Presented within the framework of Art Nou 2026, the exhibition originates from the book La apócrifa historia del Hércules enamorado y de su león emasculado, written by Sergio Mariano Colina, edited by Ignacio Rodríguez Somovilla and illustrated by Marcel Rubio. The story revisits the singular episode surrounding a sculpture of the Farnese Hercules located in the Martí-Codolar gardens in Barcelona during the early 1940s. Inspired by Italian and French garden models, these spaces brought together parterres, fountains, giochi d’acqua, and canal systems designed not only for irrigation but also for ornamentation and playful interaction with water.
From this episode, Marcel Rubio develops an exhibition conceived as a sensitive journey through this imagined garden, reconstructed through memory, observation, and drawing. For the first time, the artist does not begin with a fixed theme or predefined narrative, but instead proposes a visual drift akin to the movement of a camera slowly advancing and pausing on the smallest details: plants, shadows cast across the ground, stones, flowers, the garden’s inhabitants, and the possible encounters that might unfold within this space.
The exhibition unfolds entirely through drawing, transformed here not only into a technique but into the very language and living material of the show itself. Rather than representing the garden, the works seem to wander through and inhabit it, allowing the gesture of drawing to expand across different surfaces and situations.
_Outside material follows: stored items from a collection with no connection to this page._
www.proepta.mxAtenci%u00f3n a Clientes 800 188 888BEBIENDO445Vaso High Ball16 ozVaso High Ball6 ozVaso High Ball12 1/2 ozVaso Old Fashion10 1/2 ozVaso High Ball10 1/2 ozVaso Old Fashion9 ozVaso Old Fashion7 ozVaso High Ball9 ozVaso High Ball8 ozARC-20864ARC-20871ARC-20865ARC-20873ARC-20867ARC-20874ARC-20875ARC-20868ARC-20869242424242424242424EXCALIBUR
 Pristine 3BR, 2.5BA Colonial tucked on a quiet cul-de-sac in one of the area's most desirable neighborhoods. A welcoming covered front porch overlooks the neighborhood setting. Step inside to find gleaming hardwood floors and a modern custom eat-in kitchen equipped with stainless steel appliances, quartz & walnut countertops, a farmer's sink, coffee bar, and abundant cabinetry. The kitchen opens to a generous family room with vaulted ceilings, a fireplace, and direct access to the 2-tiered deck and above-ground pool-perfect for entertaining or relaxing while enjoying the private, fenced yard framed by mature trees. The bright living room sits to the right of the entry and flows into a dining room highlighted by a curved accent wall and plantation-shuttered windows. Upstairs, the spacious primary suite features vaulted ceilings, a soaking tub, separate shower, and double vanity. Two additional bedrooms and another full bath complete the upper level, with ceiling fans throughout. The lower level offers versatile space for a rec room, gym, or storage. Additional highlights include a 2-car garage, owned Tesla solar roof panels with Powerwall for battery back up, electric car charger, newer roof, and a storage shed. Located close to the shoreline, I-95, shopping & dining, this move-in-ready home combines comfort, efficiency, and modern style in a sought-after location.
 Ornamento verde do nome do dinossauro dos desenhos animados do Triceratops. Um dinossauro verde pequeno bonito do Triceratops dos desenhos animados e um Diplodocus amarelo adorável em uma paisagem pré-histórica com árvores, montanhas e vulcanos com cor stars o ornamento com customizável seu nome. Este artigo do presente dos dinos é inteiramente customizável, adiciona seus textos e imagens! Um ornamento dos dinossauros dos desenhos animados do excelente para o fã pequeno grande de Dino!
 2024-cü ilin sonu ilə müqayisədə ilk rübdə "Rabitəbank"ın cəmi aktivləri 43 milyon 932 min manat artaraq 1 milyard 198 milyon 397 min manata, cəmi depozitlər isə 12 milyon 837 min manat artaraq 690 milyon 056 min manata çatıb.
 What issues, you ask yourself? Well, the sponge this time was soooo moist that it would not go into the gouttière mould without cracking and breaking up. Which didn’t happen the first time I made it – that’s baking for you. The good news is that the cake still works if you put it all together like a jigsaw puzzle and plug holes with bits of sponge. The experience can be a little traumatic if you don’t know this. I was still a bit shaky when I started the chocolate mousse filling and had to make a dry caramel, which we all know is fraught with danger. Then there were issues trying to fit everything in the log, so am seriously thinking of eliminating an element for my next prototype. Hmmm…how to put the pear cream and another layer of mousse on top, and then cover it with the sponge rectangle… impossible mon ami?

In this sense, the exhibition proposes a contemplative experience in which the anecdotal, the ornamental, and the everyday acquire a poetic dimension, revealing the garden as a space of fiction, memory, and constant transformation.
With this exhibition, galeria SENDA joins the Art Nou 2026 programme through a proposal that positions drawing as a tool for observation and displacement, inviting viewers to enter a landscape shaped by attentiveness to detail, imagination, and the transformative potential of gesture.
The exhibition also incorporates the inspiring presence of Greek dancer Vangélis Liopirákis, whose sensitivity and corporeality have accompanied the project’s imaginary world and permeate many of the figures and atmospheres inhabiting the exhibition.